Simply being selected for any of the competition’s four bands is an honor, according to Quehrn, but Walker’s placement was quite an achievement.
At least 50 trombone players auditioned for the competition, Querhn said, noting that he considers Walker to be one of the top trombone players around.
To audition for the competition, Walker played three exercises, mostly in the classical genre, which Quehrn taped and sent via e-mail as an mp3 file for judging.
“I was really surprised,” Walker said about his placement. “I was hoping to get in the top band, but I had no idea I’d get first chair.”
“Being accepted into this group is like making it to the state tournament in sports,” Quehrn said, and to be awarded a spot in the top band is like winning a state championship.
Walker began his musical life at age 4, when he started to play the violin, taking lessons from well-known violin teacher Gaye Detzer. This early training helped him with the trombone.
“Because I did not have to learn any basic theory, I could focus on learning the instrument,” he said.
While Walker says he still plays the violin occasionally, it is the trombone that is his passion; he also plays with the Tacoma Youth Symphony, and unfortunately he has a commitment with that ensemble the day of the WIBC concert and will not be able to attend.
Vashon will be well represented at the concert, though, as six other students also auditioned and were awarded places in the contest’s bands.
“Seven of our best players tried out,” Quehrn said.
They were all accepted, an achievement in itself.
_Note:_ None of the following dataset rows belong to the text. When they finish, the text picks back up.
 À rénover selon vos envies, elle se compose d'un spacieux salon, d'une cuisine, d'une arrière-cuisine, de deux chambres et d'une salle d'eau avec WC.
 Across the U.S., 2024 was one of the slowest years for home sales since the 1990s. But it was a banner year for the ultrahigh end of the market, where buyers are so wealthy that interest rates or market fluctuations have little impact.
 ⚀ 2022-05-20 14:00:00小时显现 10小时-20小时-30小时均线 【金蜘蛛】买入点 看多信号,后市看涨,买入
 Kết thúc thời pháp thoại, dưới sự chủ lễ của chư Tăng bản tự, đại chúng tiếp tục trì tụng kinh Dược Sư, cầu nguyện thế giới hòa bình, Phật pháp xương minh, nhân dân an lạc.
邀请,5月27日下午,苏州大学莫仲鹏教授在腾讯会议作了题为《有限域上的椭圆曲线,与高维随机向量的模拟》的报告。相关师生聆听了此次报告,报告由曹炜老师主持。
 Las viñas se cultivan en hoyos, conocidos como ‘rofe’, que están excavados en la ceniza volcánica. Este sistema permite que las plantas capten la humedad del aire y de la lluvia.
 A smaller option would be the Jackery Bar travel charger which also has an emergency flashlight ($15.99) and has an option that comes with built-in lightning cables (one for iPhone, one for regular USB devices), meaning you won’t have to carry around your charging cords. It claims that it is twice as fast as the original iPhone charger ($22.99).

Quehrn, a band director for 16 years, said he has never had this many students accepted before.
The students who will be participating are Dylan Basurto on trumpet, playing in the fourth band, second chair; Dylan Greene on percussion, playing in the third band, fourth chair; Jack Johannessen on trombone, playing in the first band, second part, third chair; Tynan Lazarus on trumpet, playing in the second band, first part, third chair; Emory Miedema-Boyajian on percussion, playing in the fourth band, sixth chair, and Madeline Osborne on French horn, playing in the second band, second part, first chair.
This kind of competition is good for the students, Querhn said, giving students a chance to play music with musicians from off-Island and see how their playing stacks up against that of musicians from many different places.
This competition also gives other kinds of rewards, as well. The students all receive their music ahead of time and are expected to arrive at the rehearsal/concert weekend with the music learned, Querhn said. The conductors-composers of the pieces come from all over the world and work with the students on the music.
They might not always be able to understand one another’s words, Quehrn said, but they are “still able to communicate through the universal language of music.”